Already dubbed “The Largest IT, Outage In History, the CrowdStrike update from July 18, 2024, has affected at least 8.5 million Windows devices, according to Microsoft. Several of these devices are critical assets and run multiple essential services. For instance, I was unable to pay for my coffee in Dubai because the payment systems used by the coffee shop were down, and a friend lost her passport while stranded in Barcelona due to flight disruptions. The full impact and scope of the incident remain unknown, and it is likely be the main topic of discussion at DEFCON and BlackHat this summer and beyond.

Around 2010, many founders, whether in security or not, faced a critical question: “Kernel-mode or User-mode? Which should our agent be?” During this time, agent fatigue started becoming a real issue, with many customers reluctant to install additional agents on their machines. Moreover, the idea of adding agents that might require a kernel driver was met with significant skepticism.

Kernel mode obviously provides greater flexibility, information, and control. For example, when we developed our Windows-based application container solution, CloudVolumes, kernel access was essential. It allowed us to utilize mini-filters to access file system and registry operations, unlike other solutions such as ThinApp, which had a more restrictive design.

Security products were also seen as prime targets for vulnerability research due to their ideal characteristics:

  • Privileged access (Kernel or Administrator).
  • Complex parsers, increasing the attack surface.
  • Limited QA performed on them.

During a certain period, Tavis Ormandy conducted audits on multiple security products, successfully uncovering numerous vulnerabilities. The more complex the code placed in kernel mode, the greater the risk, a persistent issue with kernel drivers on any operating system.

A prime example is win32k, the Windows GUI Subsystem and Windows Manager. A simple Google search for “win32k” will reveal why it has been a concern since Alex Ionescu first covered it in 2008. The saying “Too big to fail” certainly does not apply to kernel drivers; in fact, the opposite is definitely in effect.

Some solutions, such as Capsule8, intentionally avoided using kernel modules from the beginning. Instead, they relied exclusively on kprobes/uprobes before eventually incorporating eBPF support. eBPF has since gained prominence for powering the Solana Virtual Machine. However, eBPF is still in an early stage on Windows and currently cannot provide as much telemetry as a kernel driver, making it an insufficient solution for now.
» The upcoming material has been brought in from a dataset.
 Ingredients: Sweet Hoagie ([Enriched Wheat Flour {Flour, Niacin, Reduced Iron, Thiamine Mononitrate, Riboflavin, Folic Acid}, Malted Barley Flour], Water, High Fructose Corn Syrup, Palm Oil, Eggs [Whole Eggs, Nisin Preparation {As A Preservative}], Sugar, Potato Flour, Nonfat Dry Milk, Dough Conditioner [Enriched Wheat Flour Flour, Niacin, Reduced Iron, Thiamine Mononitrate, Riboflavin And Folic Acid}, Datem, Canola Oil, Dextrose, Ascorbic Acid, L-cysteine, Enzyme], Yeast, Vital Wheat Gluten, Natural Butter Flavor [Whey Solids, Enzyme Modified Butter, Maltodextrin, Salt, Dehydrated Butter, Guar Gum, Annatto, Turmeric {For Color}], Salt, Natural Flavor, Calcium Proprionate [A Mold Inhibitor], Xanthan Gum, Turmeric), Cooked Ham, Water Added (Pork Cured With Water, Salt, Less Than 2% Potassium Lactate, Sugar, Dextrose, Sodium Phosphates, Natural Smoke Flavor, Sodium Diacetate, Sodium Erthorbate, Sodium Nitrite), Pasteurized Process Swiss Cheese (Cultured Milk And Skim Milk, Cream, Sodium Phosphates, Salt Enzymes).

The issue with kernel modules and drivers is that they can be used and abused on any modern operating system. As long as arbitrary code can run on a machine, defense in depth is necessary, requiring higher standards for development. This is why efforts to port core drivers like win32k to Rust have begun. We can expect Microsoft, and likely Linux, to speed up their initiatives for the Rust driver development platform with projects like windows-drivers-rs.

Apple decided to promote System Extensions that operate in user space, gradually phasing out Kernel Extensions (kext). They also provided a limited API for third-party Endpoint Security solutions is only “good enough” when your operating system isn’t a priority for attackers. Microsoft undertook a similar initiative with its User Mode Driver Framework, though it is primarily used for Plug and Play (PnP) and power management functionalities and not monitoring/telemetry purposes.
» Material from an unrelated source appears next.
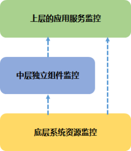 监控内容涵盖三层的原因,如果你只关注应用服务,如果问题发生,你只是知道了一个结果,无法进行快速定位分析,只能根据经验排查各项的可能性,这样的故障处理速度是没办法忍受的。而往往上层的应用的告警,可能就是一些组件或则底层系统资源的异常引起的。假设我们遇到服务响应时长告警时,如果这时候有对应JVM FGC 时长告警、或myql的慢查sql告警,这就很方便我们快速的明确优先排查的方向,确定后续的处理措施。

2008 Picture of Microsoft Research Singularity OS Team

The most straightforward way to prevent third-party drivers from causing system faults is to move them out of kernel space and prohibit third-party code execution in kernel mode. Unfortunately, this is at the moment unrealistic and would require a different OS design. This concept has been discussed for a long time, with various initiatives like Microsoft’s C# Singularity OS from Microsoft Research.

In the case of security solutions, you would naturally move complex code such as regexes and parsers out of kernel land but this would come at a performance cost and prevent “real time attack detections”. One bug does not reflect the quality of software produced by a company, but one bug can really destroy the purpose of a product.

Initiatives like windows-drivers-rs will undoubtedly enhance the stability and safety of kernel modules. However, we are still in the early stages of writing kernel drivers in Rust. Additionally, the incentives for third-party companies to adopt Rust for driver development are limited compared to the efforts required which also would most likely also endup with a lot of unsafe {} code anyway. Convincing a large number of companies would also be necessary. For an idea of how many companies are potentially involved, you can refer to the list of allocated filter altitudes.

Having user-mode only security solutions sound nice but it would mean a really high dependence (e.g. Apple Endpoint Security APIs) on what the operating system vendor provides as telemetry which would just mean shifting the accountable party.

In conclusion, while memory-safe languages like Rust offer significant improvements, the true solution to security vulnerabilities lies in creating robust code, superior products, and better design. We must question when complexity becomes excessive, as it can undermine security efforts. Additionally, we need to consider if security products are destined to become mere fancy user interfaces for vendor telemetry APIs. Balancing simplicity, robustness, and usability is crucial as we strive to build more secure systems ina world where computing systems are highly reliant on each other.